Conventional wisdom says that cloud computing is inherently less secure. But many government experts are focused on cloud computing's security strengths.

J. Nicholas Hoover, Senior Editor, InformationWeek Government

November 11, 2011

3 Min Read

Cloud computing has flunked a security test, reports Tim Wilson at Dark Reading. That probably doesn't surprise you. Conventional wisdom says clouds are inherently insecure.

But are they? Or are clouds actually more secure than conventional IT environments? A growing number of technologists are making that argument. And they're not cloud vendors or marketers or startups who have placed their bet on the cloud. They're some of the senior-most technology officials in government, including those from intelligence agencies and the military, which might be the last place you'd expect to hear such talk.
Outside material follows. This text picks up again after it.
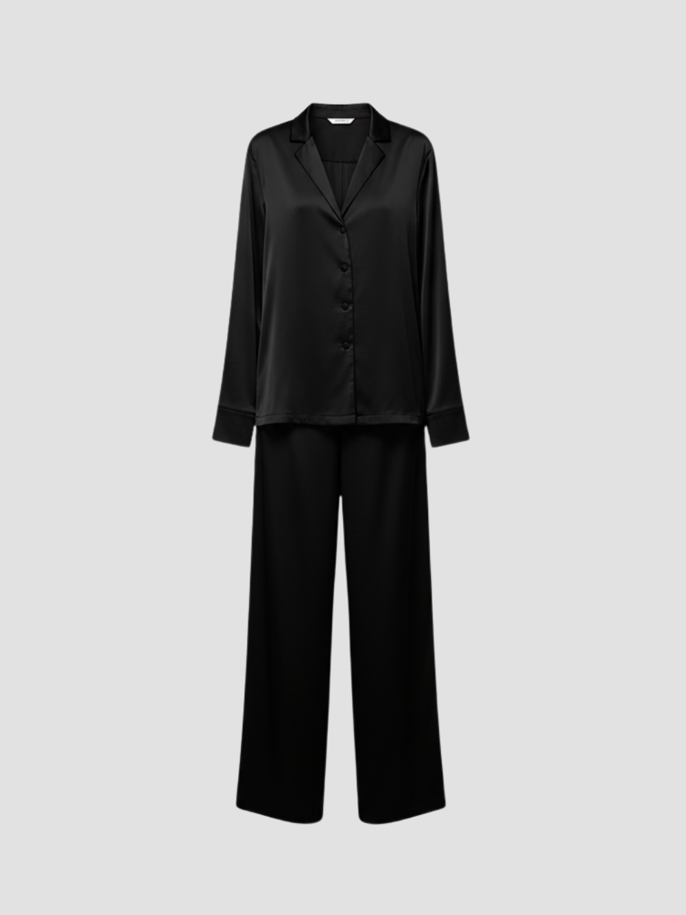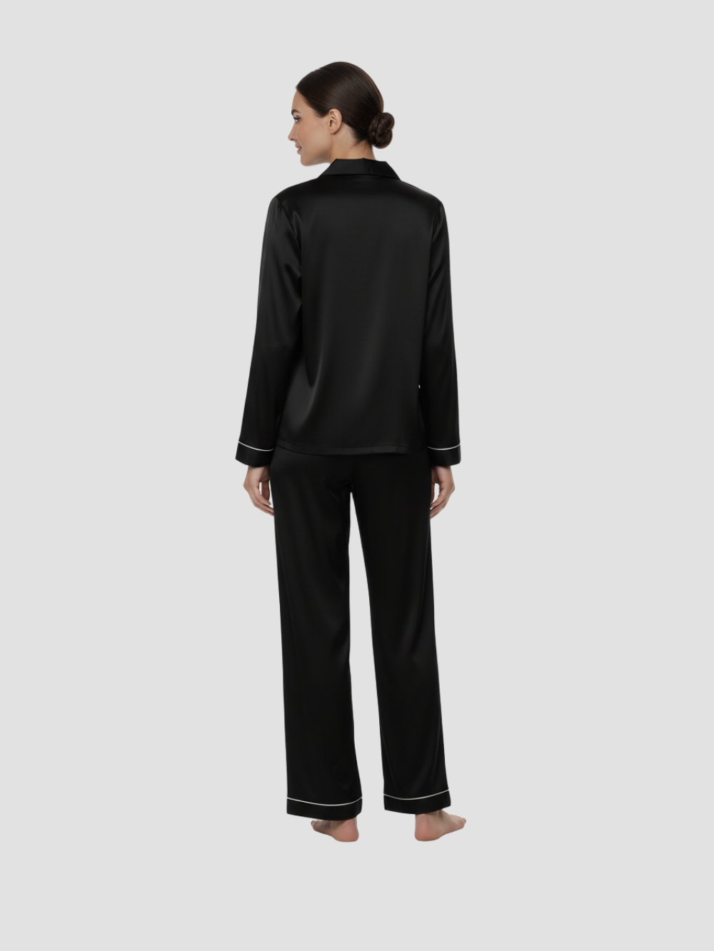 VELORA | 2PCS PIJAMA SATINADO DE MANGA LARGA – ELEGANCIA CLÁSICA Y CONFORT SUAVE

The list of execs touting the security advantages of the cloud has grown to include federal CIO Steven VanRoekel; Gen. Keith Alexander, head of both the National Security Agency and U.S. Cyber Command; CIA CTO Gus Hunt; NIST security researchers Peter Mell and Dr. Ronald Ross; and former NSA director Adm. Mike McConnell.
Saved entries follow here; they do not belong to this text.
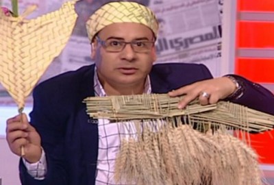 ظهر الإعلامي جابر القرموطي مرتديا تاج من السعف، وممسكاً بـ”سعف نخيل وبعض سنابل الغلال”، احتفالاً منه بأعياد المسيحيين التي بدأت هذا الإسبوع.
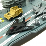 Groot militair vliegdekschip – speelset met vliegtuigen en voertuigen
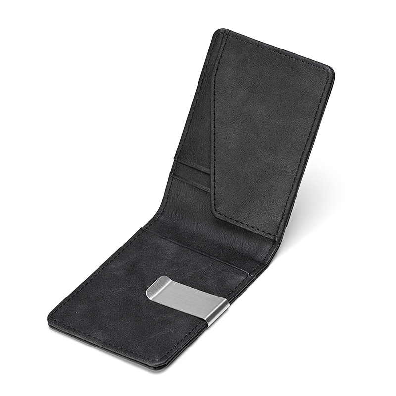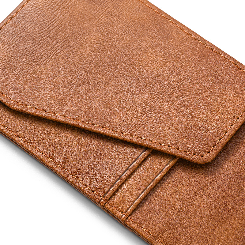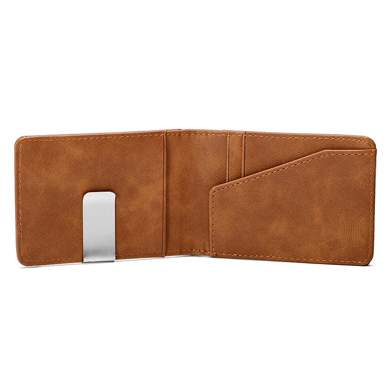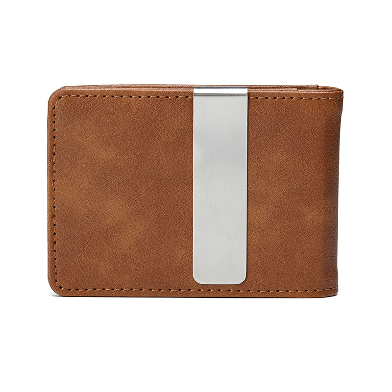 크로스보더 카드 가방 ID 가방 남자 미친 말 패턴 짧은 지갑 스테인레스 스틸 미국 달러 지갑 신용 카드 가방 PU스토어 가기

Their comments on cloud security are often accompanied by the caveat, "if you do it right." In other words, cloud security only happens through a combination of vigilance, best practices, and technology, including encryption, patching, and monitoring.

The shift to the cloud is an opportunity to rethink security from the ground up, to re-architect networks and data centers in a way that closes existing gaps. The feds are helping agencies do this with a growing body of guidance such as NIST's 68-page document on cloud security and controls required as part of the forthcoming FedRAMP security authorization program.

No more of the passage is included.